SC Tavriya
- Full name: Sports Club Tavriya
- Nickname: Tatars
- Founded: 1958, 2016
- Dissolved: 2014, 2022
- Ground: Marianivka Stadium, Marianivka Mashynobudivnyk Stadium, Beryslav (RSC Lokomotyv), Simferopol
- Capacity: 19,978 (RSC Lokomotyv)
- Chairman: Serhiy Kunitsyn
- League: Ukrainian Second League
- 2021–22: 5th, Group B
- Website: tavriya.com.ua
| Home colours | Away colours |

= SC Tavriya Simferopol =

Crimean football club (1958–2014)

Sports Club Tavriya (Спортивний клуб "Таврія") was a Ukrainian football club from Simferopol.

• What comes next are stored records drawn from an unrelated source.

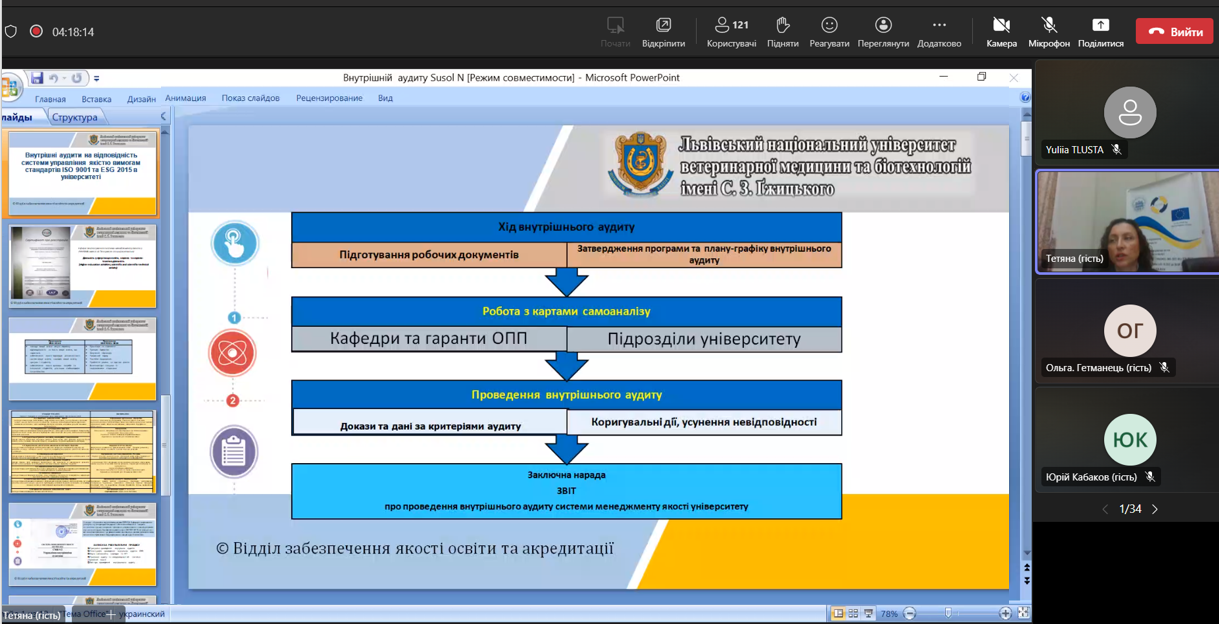 Про функціонування системи внутрішнього забезпечення якості вищої освіти в університеті: доповідь завідувачки відділу МЯОД Радміли Скляр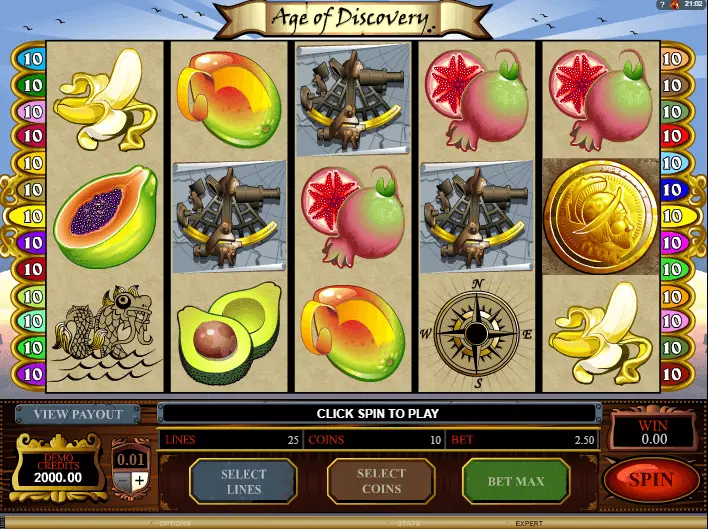 Age Of Discovery slot is a 5-reel as well as 25 pay-line video slot, launched in 2006. Certainly, online game could be labeled as old and very trusted.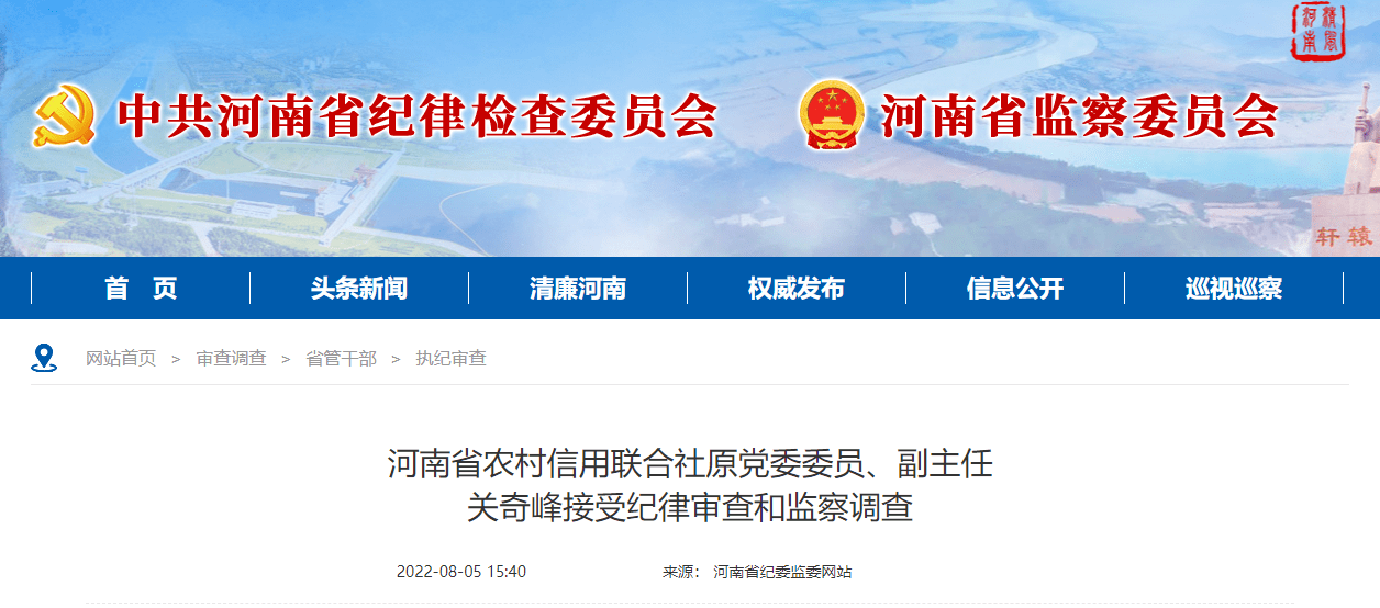 简历显示,关奇峰于1959年10月出生,今年63岁,是河南柘城人,1976年12月参加工作,长时间在河南金融机构任职。曾担任过农业银行焦作分行副行长,农业银行河南省分行科技中心副总经理、分行副行长,后历任中国农业发展银行信息电脑部综合规划处正处级干部,信息技术部综合处正处级干部、处长,信息技术部副总经理等。2009年6月,关奇峰成为河南省农村信用联合社党委委员、副主任,2020年6月卸任。 同日接受调查的王献军,出生于1963年,是河南平舆人,1981年9月参加工作,长期在金融监管系统工作。曾担任过原银监会周口监管分局党委书记、局长,原银监会驻马店监管分局党委书记、局长,银保监会信阳监管分局党委书记、局长、一级调研员、二级巡视员等职务。 此外,7月下旬,河南已有4名金融官员相继被查,分别是银保监会河南监管局一级巡视员李焕亭(7月24日被查),央行郑州中心支行金融稳定处处长赵德旺(7月29日被查),银保监会开封监管分局党委书记、局长夏军(7月29日),银保监会河南监管局非银二处处长、一级调研员郭琴(7月29日被查)。 今年4月以来,河南村镇银行取款难事件引发多方关注,目前,河南村镇银行即将开始第四批资金垫付工作。 8月5日,河南银保监局、河南省地方金融监管局发布公告称,按照垫付工作安排,自2022年8月8日上午9时起,对禹州新民生村镇银行、上蔡惠民村镇银行、柘城黄淮村镇银行、开封新东方村镇银行账外业务客户本金单家机构单人合并金额15万元至25万元(含)的开始垫付,15万元(含)以下的继续垫付。 每日经济新闻综合自中国银保监会、河南省纪委监委网站、每经网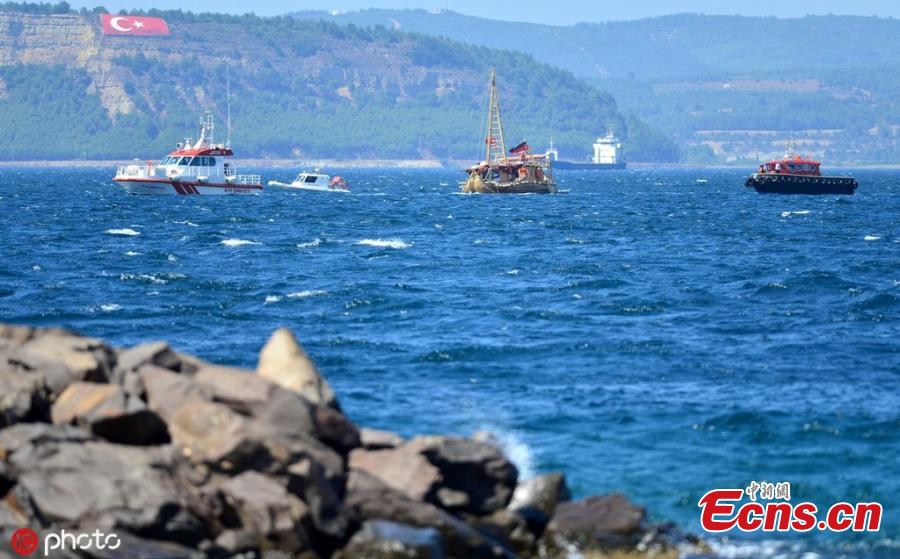 "Abora-IV", which has been made with shipping techniques of ancient period and designed by German archaeologist Dominique Gorlitz arrives in Turkey’s northwestern Canakkale province on August 27, 2019. (Photo/IC)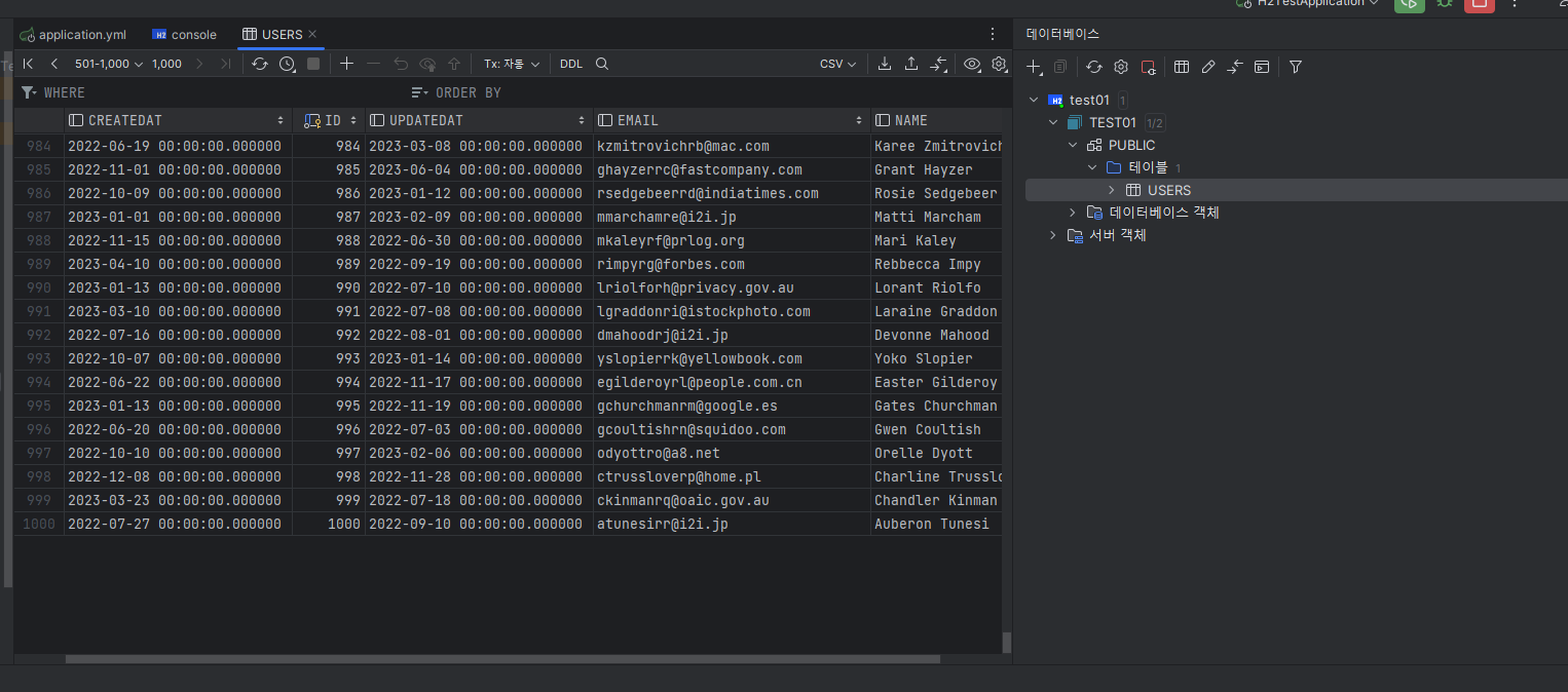 5. 어플리케이션 실행 후 인텔리제이에서 db 데이터 확인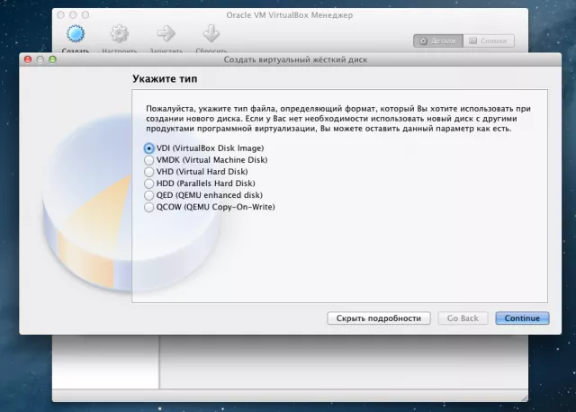 Формат диска должен быть VDI, он должен быть динамическим, и иметь размер от 15гб. Впринципе достаточно и 10гб, но лучше перестраховаться.
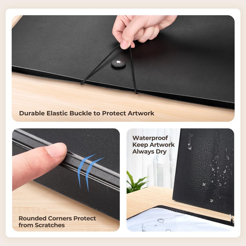 • Optimized Structural Design: This artwork folder features a unique layered structure where the bottom layer is higher than the top, facilitating easy access and retrieval of artworks. Additionally, its water and dust resistance protects the internal pieces from environmental impacts, preserving the integrity and longevity of the artworks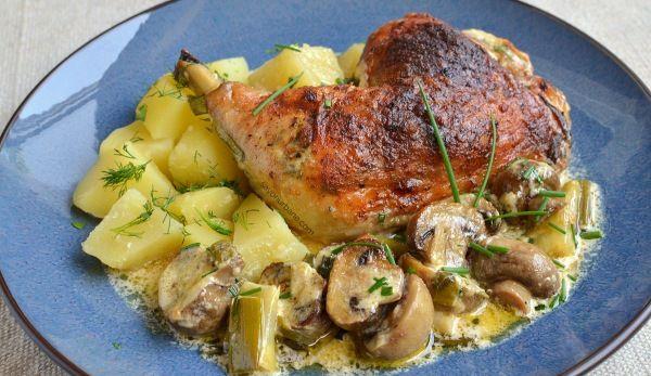Pielea pulpelor este foarte rumenă și crocantp iar când bați în ea cu furculița face tac-tac. E friptură, nu fiertură de pui! La așa o mâncare consistentă nu e nevoie de garnituri grele așa că am ales niște cartofi fierți în coajă (în apă cu sare) peste care am presărat niște mărar verde. Sosul cremos al fripturii are smântână și unt topit cu usturoi așa că va fi foarte fain absorbit de acești cartofi simpli. Puteți înlocui cartofii cu orez, paste simple sau mămăliguță. Ce gust și aromă! Și cât de fragedă este carnea! Vă dați seama că sub piele s-au petrecut niște chestii tare faine: untul aromat cu usturoi s-a topit și a pătruns în carne. Fabulos!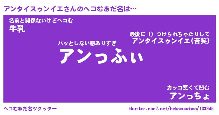 | ヒーロー風カッコイイあだ名 | 『スーパーアンタイスゥンイエ』 |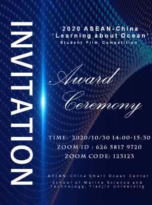 In recognition of the outstanding achievements of the participating teams in 2020 ASEAN-China ‘Learning about Ocean’ Student Film Competition,promoting the friendship between the universities of ASEAN and China,enhancing the enthusiasm for marine science popularization and strengthening the cultural exchanges between the two regions, according to the Schedule ofACSOC-SFC, the Summary conference and Award Ceremony of 2020 ASEAN-China ‘Learning about Ocean’ will be held online at 14:00 on 30thOctober, 2020.

Tavriya was a member of the Ukrainian Premier League from its founding and won the first Ukrainian Premier League making them one of three teams that have ever held this title.

After the annexation of Crimea by the Russian Federation in 2014, the club was forced to cease its existence after 56 years, while in occupied Crimean peninsula a new club composed of some of its staff and players joined the Russian Football Union under the new name FC TSK Simferopol.

In June 2015, the Football Federation of Ukraine and the Tavriya's president announced it would re-establish the club and its new home would be Kherson. On 29 August 2016, club was added to Group 2 of the 2016–17 Ukrainian Football Amateur League. The revamped club is based in Beryslav, Kherson oblast.

Prior to the start of the 2020–21 Ukrainian Second League the club merged with FC Tavriya Novotroitske, this fusion continued to play under the original name of SC Tavriya Simferopol (in the 2020–21 Ukrainian Second League season).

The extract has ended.